23. Thomas on March 19, 2012 10:34 AM writes...

Pfizer has a great tool called RGate - does everything including list logic, registration of virtual compounds, and exports nicely to Spotfire. There were some talks to make it available to the public, and/or replace it with a commercial product ("cheaper" as not supported by in-house specialists).

Permalink to Comment

24. AJ on March 19, 2012 10:39 AM writes...

@22 - thats what I liked bout "spotfire" - It didnt really care bout the origin of the data - it could just handle ERVERYTHING as long as it was in a structured table etc. ... though we never paid a lot for it (academia then) ...

Permalink to Comment

25. cdsouthan on March 19, 2012 10:43 AM writes...

These comments are pertinent to dealing with your own data but it's difficult to go it alone because there is an increasing imperative to intersect structures and linked data (preferably quickly) with public sources such as PubChem and ChEMBL. Having being involved in a project that engaged with this (PMID:22024215) believe me it gets even tougher than grappling with the in-house stuff.

Permalink to Comment

26. exGlaxoid on March 19, 2012 10:44 AM writes...

Used to use ISISBase, then evaluated MDLBase for several years before it was stable enough to use.

Also tried a few other programs, and a few were OK, but nothing was a powerful as ISISBase.
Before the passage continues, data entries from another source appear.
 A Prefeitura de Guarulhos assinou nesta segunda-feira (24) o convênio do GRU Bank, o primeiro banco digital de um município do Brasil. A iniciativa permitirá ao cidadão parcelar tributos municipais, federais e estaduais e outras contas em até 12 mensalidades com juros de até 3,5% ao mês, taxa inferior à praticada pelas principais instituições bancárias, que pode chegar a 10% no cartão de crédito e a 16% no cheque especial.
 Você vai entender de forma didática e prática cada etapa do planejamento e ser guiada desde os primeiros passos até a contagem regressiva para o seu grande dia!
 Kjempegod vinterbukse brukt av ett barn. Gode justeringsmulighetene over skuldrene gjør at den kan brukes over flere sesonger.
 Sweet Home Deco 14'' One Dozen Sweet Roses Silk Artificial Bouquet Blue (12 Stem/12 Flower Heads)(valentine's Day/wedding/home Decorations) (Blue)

Spotfire is neat, but I didn't like it as much as ISIS once you had a nice project table definition. But of course that took IT support, so only good at larger companies.
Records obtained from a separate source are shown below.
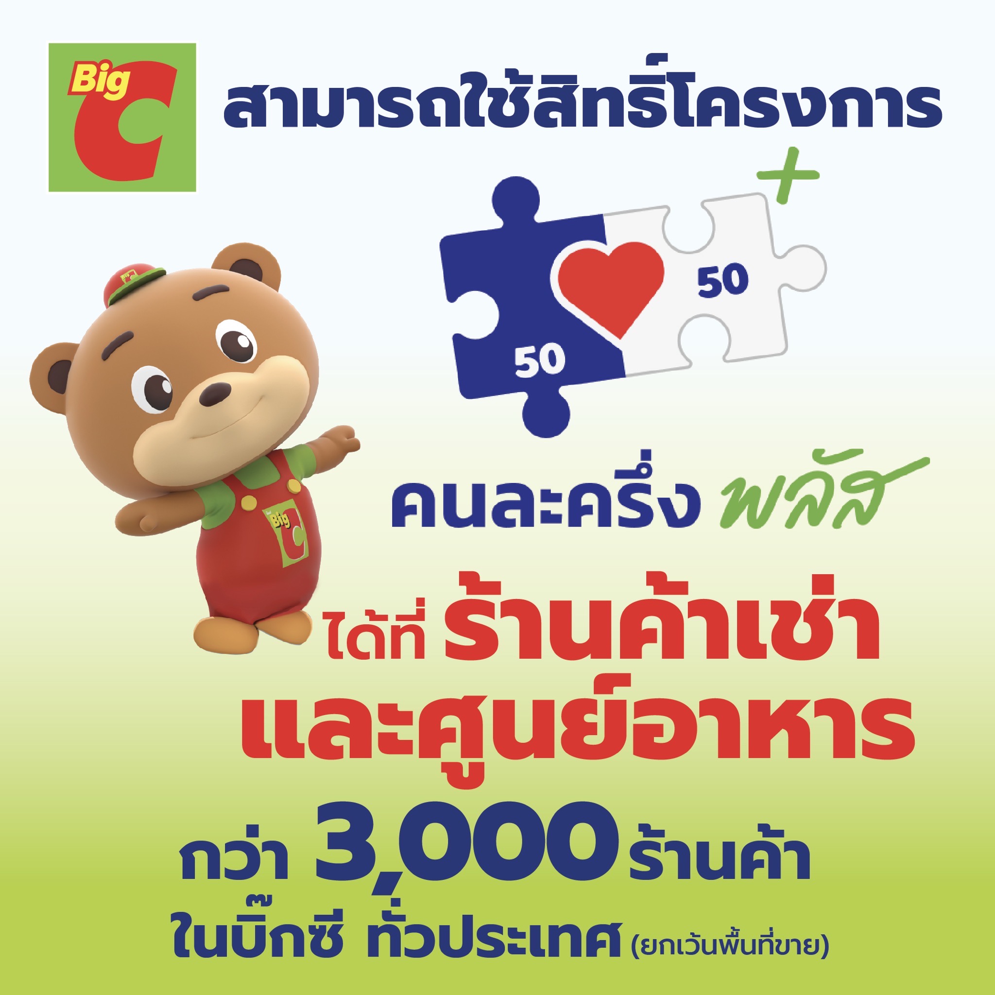 บิ๊กซี ซูเปอร์เซ็นเตอร์ ร่วมอยู่เคียงข้างคนไทย ขอเชิญชวนทุกคนมาใช้สิทธิ์ “คนละครึ่ง พลัส” ได้ทุกวันที่ร้านค้าในโซนพลาซ่า และ ศูนย์อาหารบิ๊กซี อิ่ม อร่อย คุ้มค่า กว่า 3,000 ร้านค้า เพียงแค่สังเกตสัญลักษณ์ หรือ โลโก้ “คนละครึ่งพลัส” ติดไว้ที่หน้าร้าน และชำระง่ายๆ ผ่านแอป “เป๋าตัง” เท่านั้นท่านก็จะได้เป็นส่วนหนึ่งที่ช่วยสนับสนุนผู้ประกอบการคนไทยให้เติบโตไปด้วยกัน ตั้งแต่วันนี้ถึงวันที่ 31 ธันวาคม 68 ที่ บิ๊กซี ทั่วประเทศ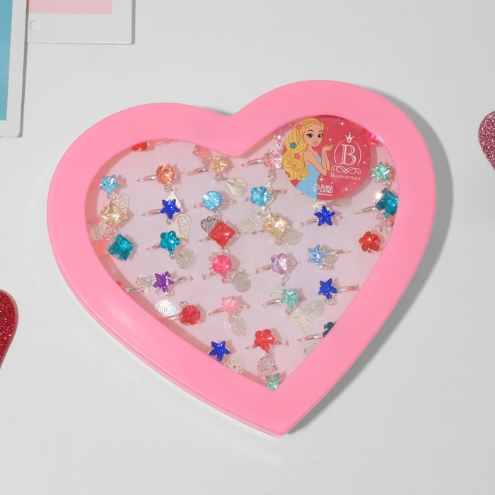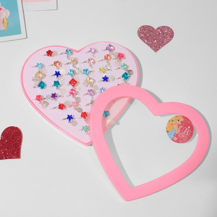 Кольца детские набор 36шт «Выбражулька» с подвеской, форма МИКС, цвет МИКС в серебре, б-р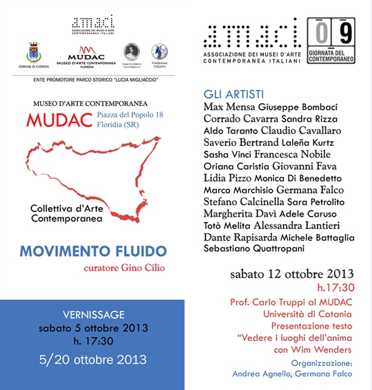 Sarà presentata la collettiva d'Arte contemporanea - Movimento Fluido, visitabile fino 20 ottobre. organizzata per la Nona Giornata del Contemporaneo, dall'Amaci – Associazione dei Musei d’Arte Contemporanea Italiani

Currently I use a mix of Excel, some ChemAxon products, some Cambridge software, and some other software. Not thrilled with the cobbled together package, but it works for now. This (Excel) is only doable when only one project data is in each spreadsheet, otherwise it is too big. Plus now a researcher has to manually add the data, along with the issues of manually updating and data integrity issues.

Permalink to Comment

27. passionlessDrone on March 19, 2012 10:59 AM writes...

Hello friends -

I don't know squat from chemistry, but do know a little bit about technology. I've been playing around with a tool called Tableau that is priced very reasonably and can visualize data sets pretty easily.

- pD

Permalink to Comment

28. RD on March 19, 2012 11:13 AM writes...

Some suggestions:
1.) Spotfire. You can plot anything using any criteria you want in many dimensions.
2.) have your rogue programmer write an app that will allow you to see your compounds as clusters on a grid, instead of entries in a spreadsheet. I have no idea why a chemist would want to scroll through a spreadsheet when all the information is staring you in the face in a grid. Have rogue programmer add filtering and color coding to the grid to make it easier to spot patterns and activity trends.
3.) hire a really good rogue programmer. There are a few out there. The IT and informatics departments tend to try to handcuff them.

Permalink to Comment

29. chemit on March 19, 2012 11:21 AM writes...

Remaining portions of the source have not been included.